Parameters Numbers inside an AI model that determine how it processes information and generates responses. More parameters generally mean more sophisticated capabilities.

Bias When an AI system reflects unfair preferences or prejudices from its training data. Can lead to discriminatory or inaccurate outputs for certain groups.

Overfitting When an AI model becomes too specialized on its training data and performs poorly on new, unseen information.

Generalization An AI system's ability to apply what it learned during training to new situations it hasn't seen before.

AI Capabilities and Limitations

Hallucination When an AI system generates information that sounds plausible but is actually false or made up. Like a confident-sounding wrong answer.

Alignment How well an AI system's behavior matches human values and intentions. The goal of making AI helpful, harmless, and honest.

Emergent Behavior Unexpected capabilities that appear in AI systems as they become more sophisticated, even though they weren't explicitly programmed.

Inference The process of an AI system generating a response or making a prediction based on input. What happens when you submit a prompt and get an answer.

Latency The time delay between sending a request to an AI system and receiving a response. Lower latency means faster responses.

Practical AI Terms

API (Application Programming Interface) A way for different software programs to communicate. Many AI services offer APIs so developers can integrate AI into other applications.

Multimodal AI AI systems that can work with different types of input like text, images, audio, and video, not just one type.

Few-shot Learning An AI's ability to learn new tasks from just a few examples, rather than needing thousands of training instances.

Zero-shot Learning When an AI can perform tasks it wasn't specifically trained on, based on its general knowledge and understanding.

Retrieval-Augmented Generation (RAG) A technique that combines AI language generation with the ability to look up specific information from databases or documents.

AI Safety and Ethics Terms

Adversarial Examples Inputs deliberately designed to fool AI systems into making mistakes. Used to test AI robustness and security.

Explainable AI (XAI) AI systems designed so humans can understand how they make decisions. Important for trust and accountability.

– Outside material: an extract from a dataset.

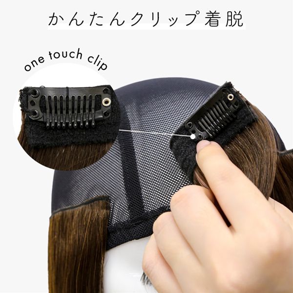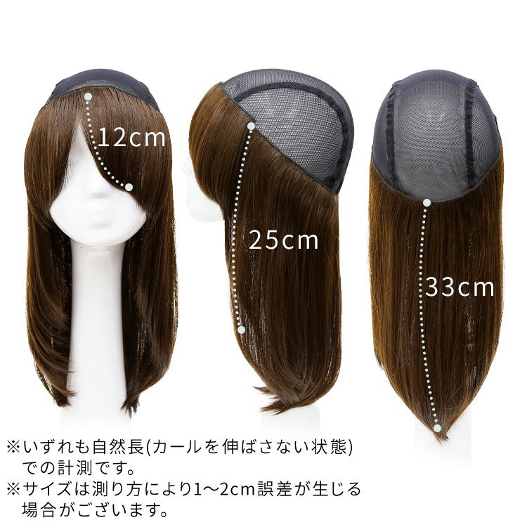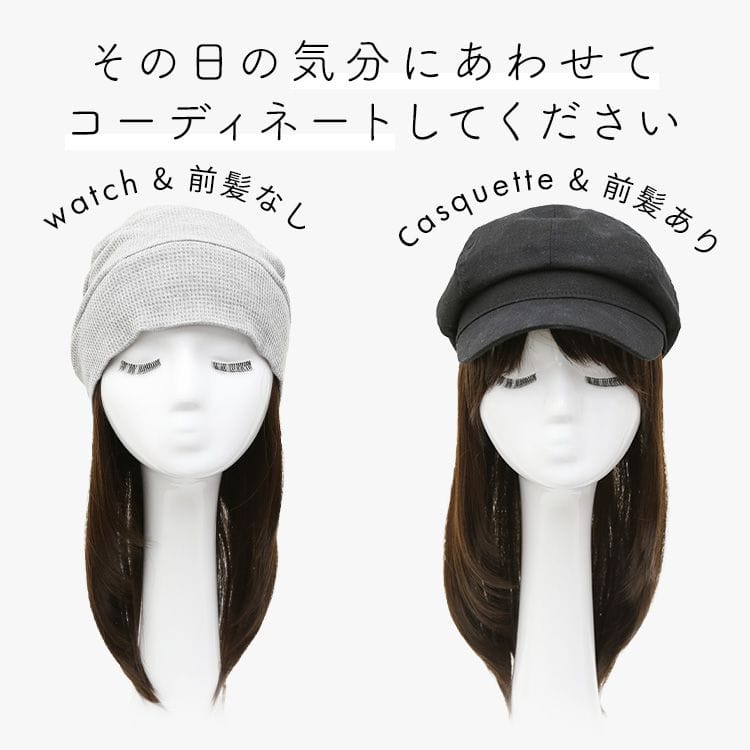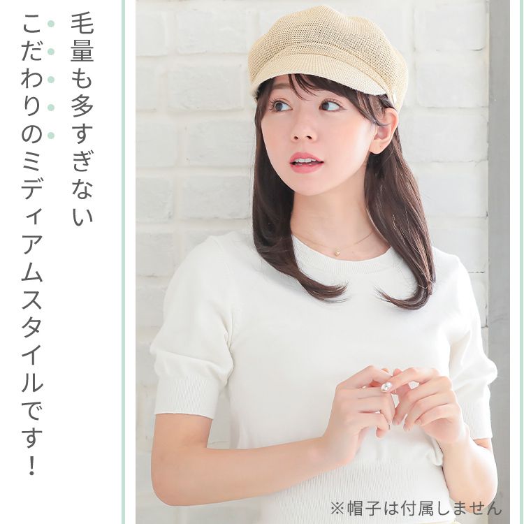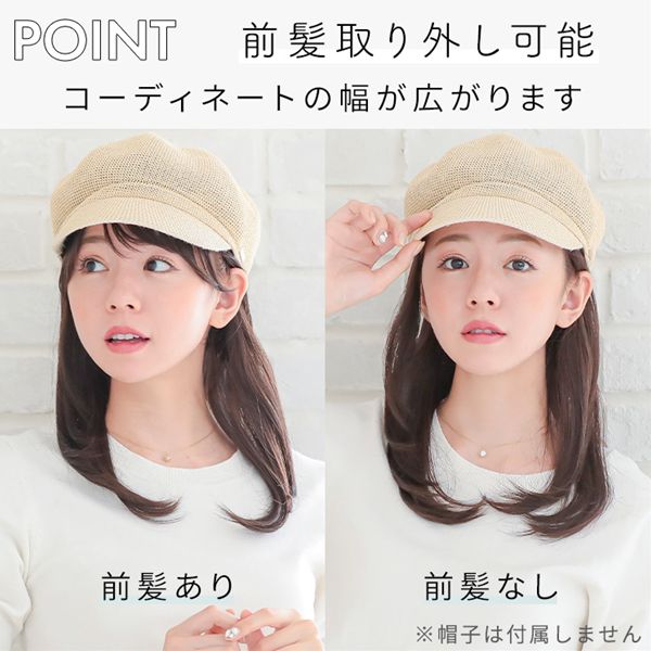 【商品詳細】 商品名: アクアドール 前髪取り外し式髪付き帽子ミディアムレイヤー人毛MIX[wgn017] 商品説明: 『髪付き帽子とは…?』 後頭部部分が通気性のよいネットになった、帽子と合わせてお使いいただく医療用ウィッグです。 メッシュ部分を帽子で隠して、帽子から髪の毛が出ているようなスタイルを簡単に作れます。 さっと整えるだけで着用でき、フルウィッグと比べ締め付けが少ないため、楽にお使いいただけます。 脱毛症の方、がん治療中の方の声から誕生した人気の商品です。 髪付き帽子の最大の特徴は、帽子のようにパッとつければキマるところ。 フルウィッグをお休みしたい時、コンビニや、近くのスーパーのお買い物など、近距離のお出かけにも便利な髪付き帽子です。 フェミニンなセミロングスタイル。 髪付き帽子だから長めでも軽い付け心地で、 ストレスなく着用して頂けます。 女性らしいスタイルが好きな方へ、 使いやすいシンプルなワンカールです。 自然な見た目と、スタイリングやお手入れがしやすく、扱いやすさも兼ね備えたいいとこどりの髪質です。 アクアドールの髪付き帽子は、クリップ式で簡単に前髪を取り外しできます。 コーディネートに合わせて「前髪あり」と「前髪なし」を使い分けて♪ サイズ: フリーサイズ 長さ: 前髪 約12cm 横髪 約25cm 後髪 約33cm ※いずれも自然長(カールを伸ばさない状態)での計測です。若干の誤差がある場合があります。 頭囲: 約55cm 重さ: 約71g(重さは前髪を含みます) 仕様: 前髪取り外し式・人毛MIX(人毛30%人工毛70%) カラー: BKM.黒・人毛MIX FBRM.明るい自然茶・人毛MIX ※カラーについて 商品写真はできる限り実物の色に近づけるよう加工しておりますが、お客様がご使用するモニター設定や部屋の照明により実際の商品とは色味が異なる場合があります。 お手入れ方法: 1.洗面器に水またはぬるま湯とシャンプーを適量入れ、1~2分浸してからゆっくり押し洗いしてすすいでください。 2.同様にコンディショナーを適量入れ、1~2分浸してから軽くすすぎ、タオルなどを使って、しっかり水気をとってください。 3.ウィッグ用のスタンドやハンガーにかけて、風通しのよい日陰で乾燥させます(自然乾燥がおすすめですが、お急ぎの場合はドライヤーでもOK)。 ※ご使用後は髪の毛部分のホコリや花粉などを軽く払います。頻繁に洗う必要はありませんが、後頭部のネット部分は清潔に保つことが大切です(お好みでインナーキャップを着けてからご使用ください)。 ※コテ・アイロン・ドライヤーは180℃まで使用可能です(130℃くらいがおすすめです)。 ご使用上の注意: ・お肌に合わない場合はすみやかに使用を中止してください。※アレルギー体質の方は特にご注意ください。 ・火気、高熱の近くで使用しないでください。 ・最初は多少の抜け毛がございます、ご使用前に軽くブラッシングをしてご使用ください。 ・お子様の手の届かない所に保管ください。 ・カラーリングはできません。 備考: ・帽子は付属しておりません。商品写真着用の帽子はイメージです。ご自身で帽子を用意し、ご一緒にお使いください。 ・モデル着用ウィッグはモデルに合わせてブラッシング、若干のカット、整髪料を使用してのスタイリングを行っています。 ※製品の仕様向上のため、製品の仕様は、予告なしに若干の変更がされる場合があります。 広告文責: 株式会社エーウィル 0747-26-5566 関連キーワード: ウィッグ ウイッグ つけ毛 かつら エクステ ハロウィン 七五三 クリスマス Xmas 夏祭り お正月 成人式 成人の日 バレンタインデー ホワイトデー ひな祭り 雛祭り 入学 入社 就職 卒業 卒園 新生活 新年度 記念日 お祝い プレゼント ギフト 贈り物 口コミ クチコミ 人気 レビュー 評判 通販 おすすめ

Red Teaming Testing AI systems by trying to find ways they might fail, produce harmful outputs, or be misused.

Responsible AI The practice of developing and deploying AI systems in ways that are ethical, fair, and beneficial to society.

Business and Application Terms

AI Agent An AI system designed to take actions and make decisions autonomously to achieve specific goals. Can interact with other systems and tools.

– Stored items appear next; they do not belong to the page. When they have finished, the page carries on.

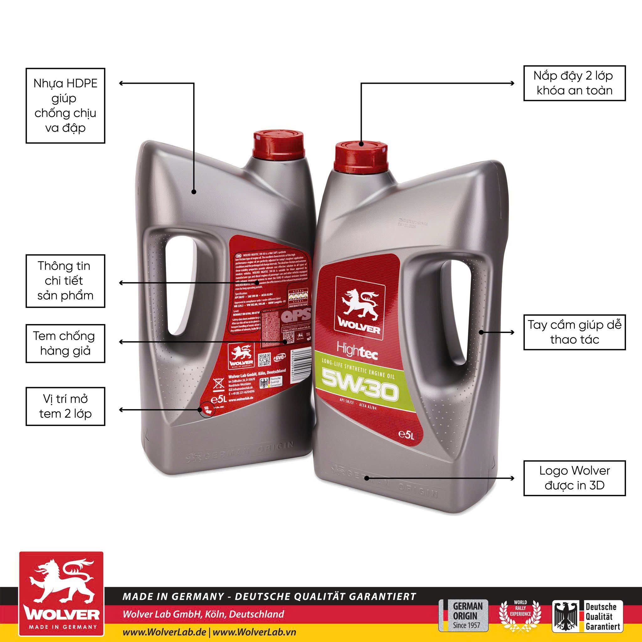 Nhờ công nghệ phụ gia độc quyền được nghiên cứu từ Đức, sản phẩm đảm bảo độ sạch cho buồng đốt và hệ thống bôi trơn, giữ vai trò quan trọng trong việc tăng tuổi thọ động cơ. Nhiều dòng xe châu Âu tại Việt Nam, đặc biệt là xe Đức và xe Pháp, yêu cầu loại dầu đạt tiêu chuẩn API và ACEA nghiêm ngặt. Wolver HighTec 5W30 đáp ứng đầy đủ các tiêu chí này.
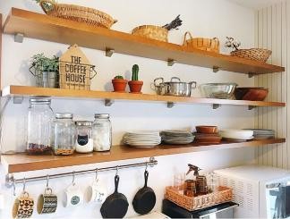 充分利用吊柜和料理台之间的空隙安装搁板架,常用的碗碟和调料都能放在这里。
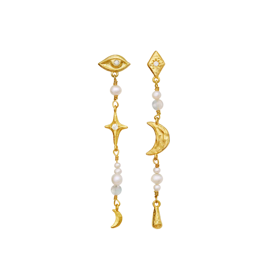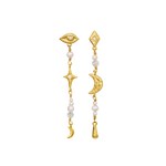 Flotte øreringe der hænger med mange symboler, ferskvandsperler og zirkoner. De er asymmetriske hvor den ene er med harlekinform, halvmåne og ferskvandsperler. Den anden med Horus øje, stjerne og ferskvandsperler. Rigtige øreringe med teaterets dramatiske univers med mange kunstneriske detaljer.

Automation Using AI or other technology to perform tasks that would normally require human intervention.

Digital Twin A virtual model of a real-world system that uses AI to simulate and predict behavior.

Computer Vision AI that can analyze and understand images and videos. Enables features like face recognition and medical image analysis.

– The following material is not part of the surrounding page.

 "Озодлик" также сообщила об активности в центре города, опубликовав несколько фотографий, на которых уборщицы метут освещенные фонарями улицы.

Synthetic Data Artificially generated data that mimics real data but doesn't come from actual events or people. Used when real data is scarce or sensitive.

Model Types and Architectures

Transformer A type of neural network architecture that's particularly good at processing sequential data like text. The foundation for most modern language models.

Generative AI AI systems that create new content like text, images, music, or code rather than just analyzing existing information.

Discriminative AI AI systems that classify or categorize existing information rather than generating new content.

Foundation Model Large AI models trained on broad data that can be adapted for many different specific tasks.

Diffusion Model A type of AI used for generating images by gradually refining random noise into coherent pictures.

Getting Help

Don't see a term you're looking for?

  • Check the specific lesson where you encountered it for context
  • Search online for "[term] AI meaning" for additional explanations
  • Ask in AI communities - most people are happy to help explain concepts

Remember: AI terminology evolves quickly. New terms appear regularly as the technology advances. Focus on understanding core concepts rather than memorizing every definition.